Russian tycoon Mikhail Fridman's investment fund LetterOne (L1) said on Friday it had won control of Spain's DIA but had not secured support from all of the loss-making retailer's creditors with three days to go before a financing deadline.
DIA's inability to compete with domestic and foreign rivals who invest heavily in their stores has led to a haemorrhage of market share and put it at risk of having to declare insolvency.
L1's bid, launched in February of this year, to buy the roughly 70% of DIA it did not own was eventually accepted by holders of 29.4% of its capital, giving L1 a 58.4% stake.
The fund said it had reached agreement in principle to prop up DIA's capital with 16 of its 17 lenders, which hold 77.5% of its €912 million syndicated bank debt.
But it needs all of its creditors to agree a refinancing plan by 20 May to go ahead with a planned €500 million ($558 million) capital hike to remedy its negative equity position.
Creditors led by Spanish bank Santander are being asked to extend debt agreements until 2023 and set up new credit lines for €170 million. DIA also needs cash to help honour its €1.7 billion in debt.
Failure to convince the holdout bank, which L1 did not name, could stymie the plan.
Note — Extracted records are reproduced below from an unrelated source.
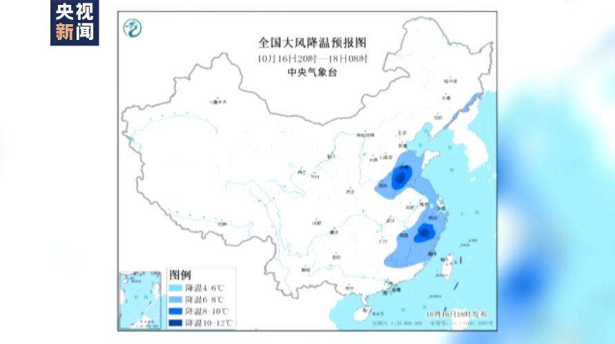 中央气象台继续发布寒潮蓝色预警。受强冷空气影响,今天(17日)至明早(18日)8时,辽宁东部、吉林东部、黄淮、江淮东部、江南中东部等地的部分地区将有大风降温天气;辽宁东部、吉林东部、黄淮大部、江淮东部、江南东部、广东东北部等地气温下降6~10℃,其中,山东、浙江、福建等地部分地区降温10℃以上。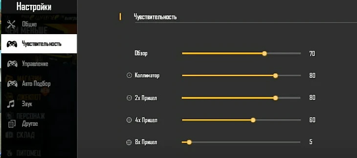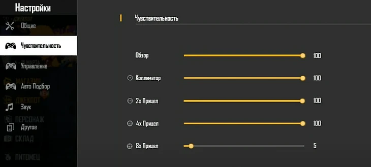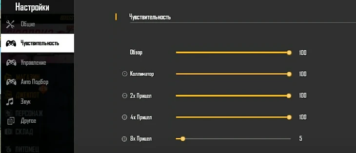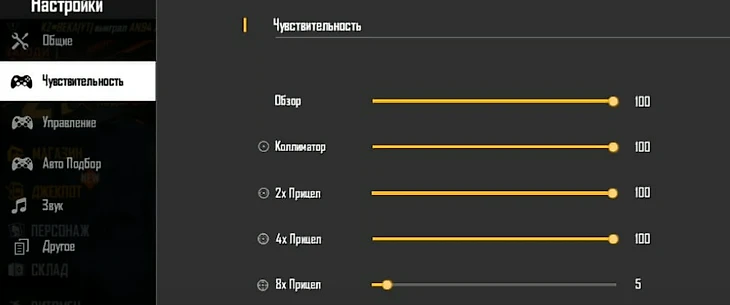 Настройки для оттяжки Free Fire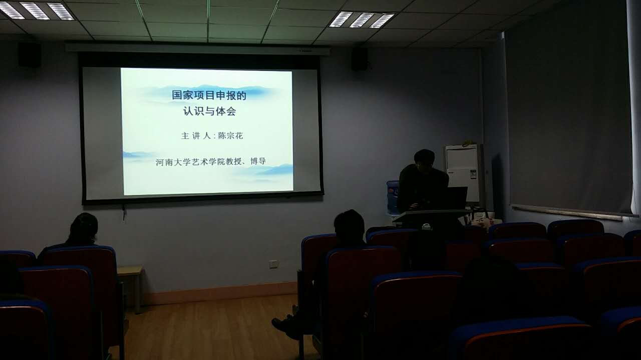 12月26日上午,河南大学教授,中国音乐史方向博士生导师陈宗花来我校为师生做题为《对申报国家社科项目的认识与体会》的精彩讲座。艺术设计学院全体博士、各系教师及部分研究生参加了这次讲座,讲座由艺术设计学院副院长魏华主持。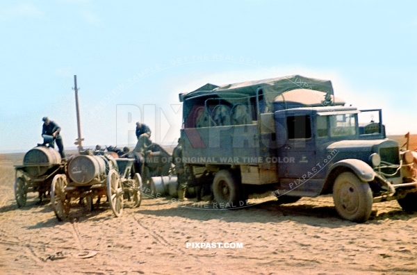 German Wehrmacht army truck with petrol tanks and radio Funk wire rolls. Russia 1941. 297 Infantry Division

L1 said in its offer prospectus it would consider using its own funds through a shareholder loan if fellow shareholders backed its bid but it did not repeat this on Friday.
DIA's shares rose 3% in early trading but were 2% lower by late morning.
Its short-term debt costs increased, with the yield on bonds maturing in July 2019 climbing 2.47%.
Resistance From Shareholders
After bidding on 5 February to buy the rest of DIA for €0.67 per share, L1 faced resistance from some shareholders, extended the deadline and reduced the minimum acceptance level, before scrapping that condition altogether.
DIA reported a first quarter loss on Tuesday as sales fell.
L1 has criticised DIA's management and touted its team's experience in retail, including its purchase of British health food chain Holland & Barrett in 2017.
DIA has proposed its own turnaround plan, saying it could improve core earnings as early as next year by focusing on its own-label goods, offering more fresh produce and promotions, and cutting about 1,500 jobs.